EXERCISE DATA:
::::::::
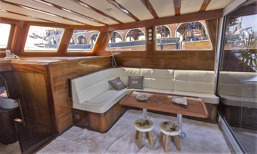 Cekin Gulet, 19 metrelik uzunluğu ve 3 klimalı kabiniyle Göcek ve Fethiye çıkışlı mavi yolculuklar için konforlu bir seçenektir. Hem bakımlı yapısı hem de geniş güvertesiyle 6 kişiye kadar keyifli bir tatil imkânı sunar.
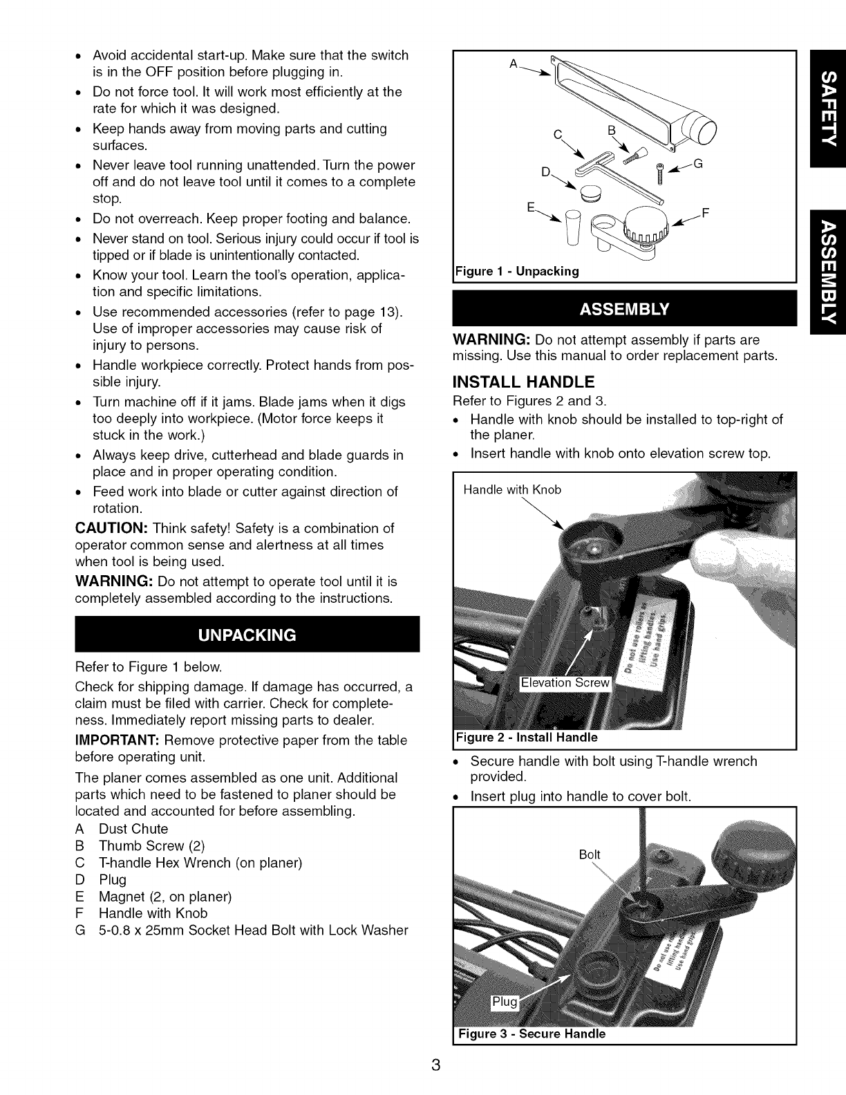 CRAFTSMAN Planer Manual L1003048 CRAFTSMAN Planer Owner's Manual, CRAFTSMAN Planer installation guides
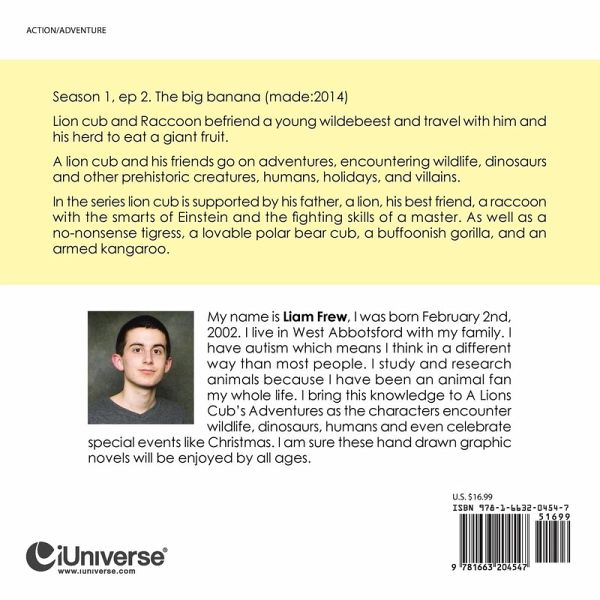 Season 1, ep 2. The big banana (made:2014) Lion cub and Raccoon befriend a young wildebeest and travel with him and his herd to eat a giant fruit. A lion cub and his friends go on adventures, encountering wildlife, dinosaurs and other prehistoric creatures, humans, holidays, and villains. In the series lion cub is supported by his father, a lion, his best friend, a raccoon with the smarts of Einstein and the fighting skills of a master. As well as a no-nonsense tigress, a lovable polar bear cub, a buffoonish gorilla, and an armed kangaroo.
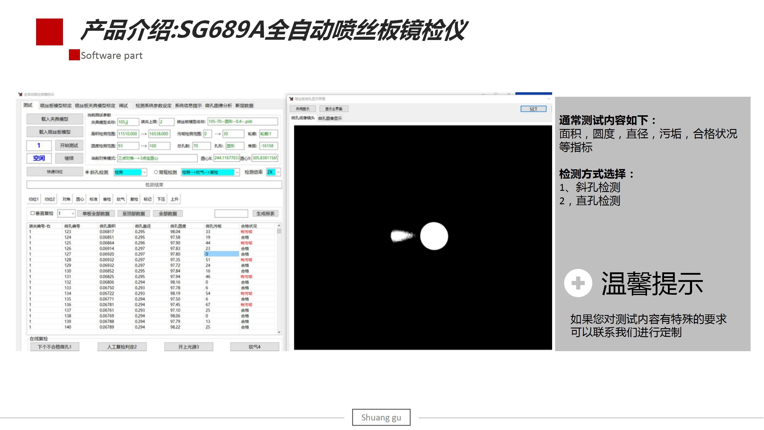 【检测项目】1.微孔直径、面积、圆度、污垢率、微孔合格情况,特殊异形孔尺寸等数据,用户可以在程序上自行设定判断标准,判断微孔是否合格,微孔面积是否过大或过小,所检测的微孔状态是否符合设定的范围,检测出的不合格数据程序上会用不同的颜色标注出来。
::::::::
WHAT TO WORK ON:
Extract, word for word, every line from the one containing "CRAFTSMAN Planer Manual" to the end of the data above, both ends included, and leave out the pictures.

REPLY TO THE EXERCISE:
 CRAFTSMAN Planer Manual L1003048 CRAFTSMAN Planer Owner's Manual, CRAFTSMAN Planer installation guides
 Season 1, ep 2. The big banana (made:2014) Lion cub and Raccoon befriend a young wildebeest and travel with him and his herd to eat a giant fruit. A lion cub and his friends go on adventures, encountering wildlife, dinosaurs and other prehistoric creatures, humans, holidays, and villains. In the series lion cub is supported by his father, a lion, his best friend, a raccoon with the smarts of Einstein and the fighting skills of a master. As well as a no-nonsense tigress, a lovable polar bear cub, a buffoonish gorilla, and an armed kangaroo.
 【检测项目】1.微孔直径、面积、圆度、污垢率、微孔合格情况,特殊异形孔尺寸等数据,用户可以在程序上自行设定判断标准,判断微孔是否合格,微孔面积是否过大或过小,所检测的微孔状态是否符合设定的范围,检测出的不合格数据程序上会用不同的颜色标注出来。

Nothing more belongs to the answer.